SFT-then-RL Outperforms Mixed-Policy Methods for LLM Reasoning
Recent advancements in large language models (LLMs) have sparked significant interest in optimizing their reasoning capabilities. A new study, highlighted in arXiv:2604.23747v1, challenges the efficacy of mixed-policy optimization methods that combine supervised and reinforcement learning (RL) signals. The research reveals that a more traditional approach, referred to as the SFT-then-RL pipeline, has been unfairly underestimated due to underlying bugs in existing mixed-policy frameworks.
Key Findings
The study identifies two critical bugs that have influenced recent research outcomes:
- CPU-Offloaded Optimizer Bug: This issue, found in DeepSpeed, causes the optimizer to drop intermediate micro-batches during gradient accumulation. This bug affects several downstream frameworks, including TRL, OpenRLHF, and Llama-Factory.
- Loss Aggregation Bug: In OpenRLHF, this bug leads to incorrect weighting of per-mini-batch losses, further skewing results and diminishing the perceived effectiveness of the SFT-then-RL approach.

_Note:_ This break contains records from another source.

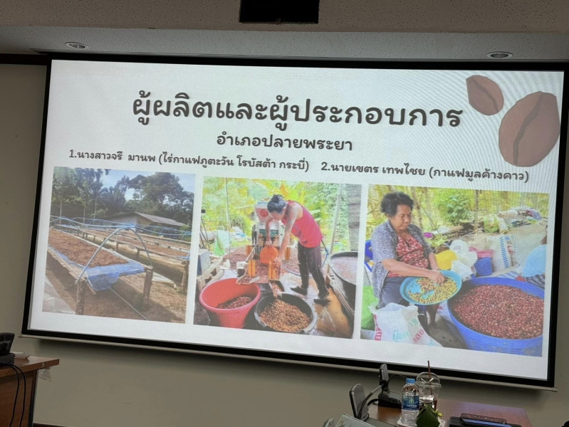 วันที่ 14 กุมภาพันธ์ 2567 นายประเสริฐศักดิ์ ณ นคร สหกรณ์จังหวัดกระบี่ มอบหมายให้นางสาวเสาวภา หวานแก้ว นักวิชาการสหกรณ์ชำนาญการเข้าร่วมประชุมคณะกรรมการอำนวยการสิ่งบ่งชี้ทางภูมิศาสตร์ จังหวัดกระบี่ เพื่อให้การพิจารณารับรองการประเมินคุณภาพสินค้าสิ่งบ่งชี้ทางภูมิศาสตร์และขออนุญาตใช้ตราสัญลักษณ์สิ่งบ่งชี้ทางภูมิศาสตร์ไทย (GI) “กาแฟเมืองกระบี่” โดยมีรองผู้ว่าราชการจังหวัดกระบี่ (นายอนุวรรตน์ โหมดพริ้ง) เป็นประธานในการประชุมณ ห้องประชุมปลายพระยา ชั้น 2 ศาลากลางจังหวัดกระบี่ อำเภอเมือง จังหวัดกระบี่
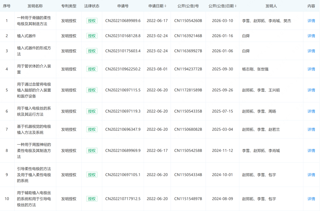 据神经未来查询企查查网站,该公司专利如下表:
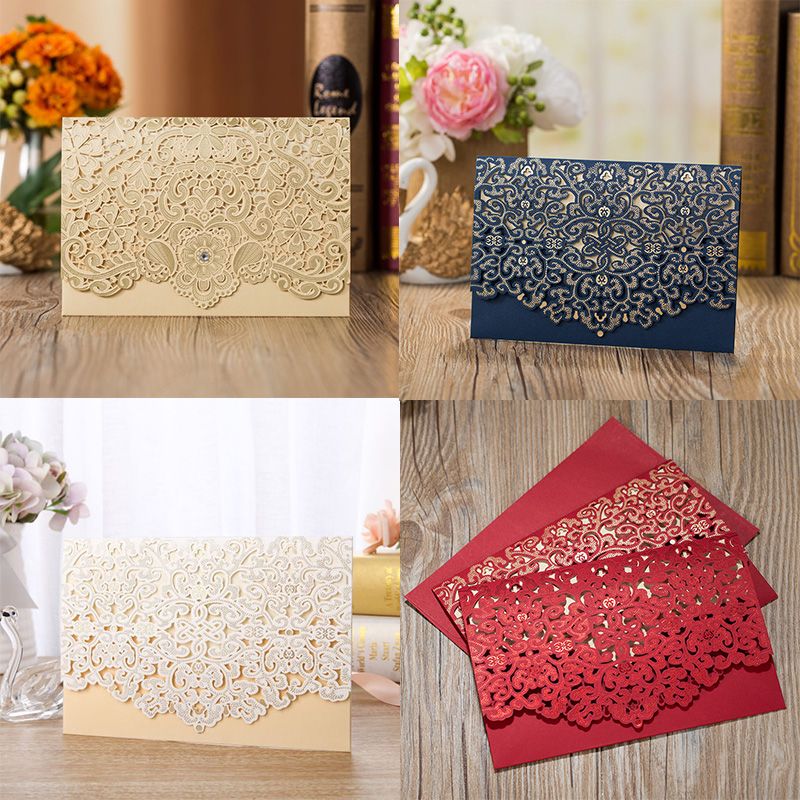 Gold Red White Laser Cut Luxury Flora Wedding Invitations Card Elegant Lace Favor Print Envelopes Wedding Party Decoration Blank Greeting Cards Boxed Christmas Cards From Laowang1769 1 99 Dhgate Com
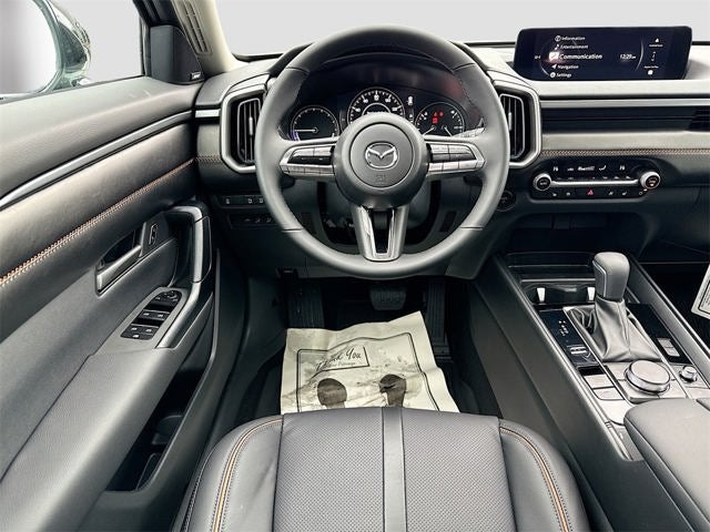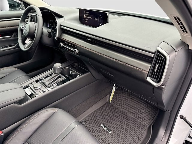 Inside the cabin you will find an elevated driving experience with Black Leather seats heated front seats ventilated front seats driver seat memory a 6 way power passenger seat a power panoramic moonroof Dual Zone Automatic Climate Control rear air conditioning vents and a wireless phone charger. The 10.25 inch color center display pairs with wireless Android Auto wireless Apple CarPlay Bluetooth® hands free technology Mazda Connected Services and a premium Bose 12 speaker audio system for crisp rich sound on every drive.

Together, these bugs have contributed to an inaccurate assessment of the SFT performance, with the optimizer bug largely responsible for the discrepancy. Once these issues were rectified, the SFT-then-RL pipeline demonstrated a significant performance advantage over mixed-policy methods.
Performance Metrics
The research highlights the performance improvements achieved by the corrected SFT-then-RL pipeline:
- On math benchmarks using Qwen2.5-Math-7B, the SFT-then-RL method surpassed mixed-policy methods by +3.8 points.
- When employing Llama-3.1-8B, the performance gap widened, with the SFT-then-RL method outperforming mixed-policy approaches by an impressive +22.2 points.
- Even a truncated variant of the SFT-then-RL method, which utilized only 50 RL steps, outperformed mixed-policy methods while consuming fewer floating-point operations (FLOPs).
Implications for Future Research
The findings from this study have significant implications for the future of LLM development and optimization strategies. By highlighting the flaws in current mixed-policy methods, researchers can re-evaluate their approaches and align their benchmarks more accurately with the capabilities of established methods like SFT-then-RL.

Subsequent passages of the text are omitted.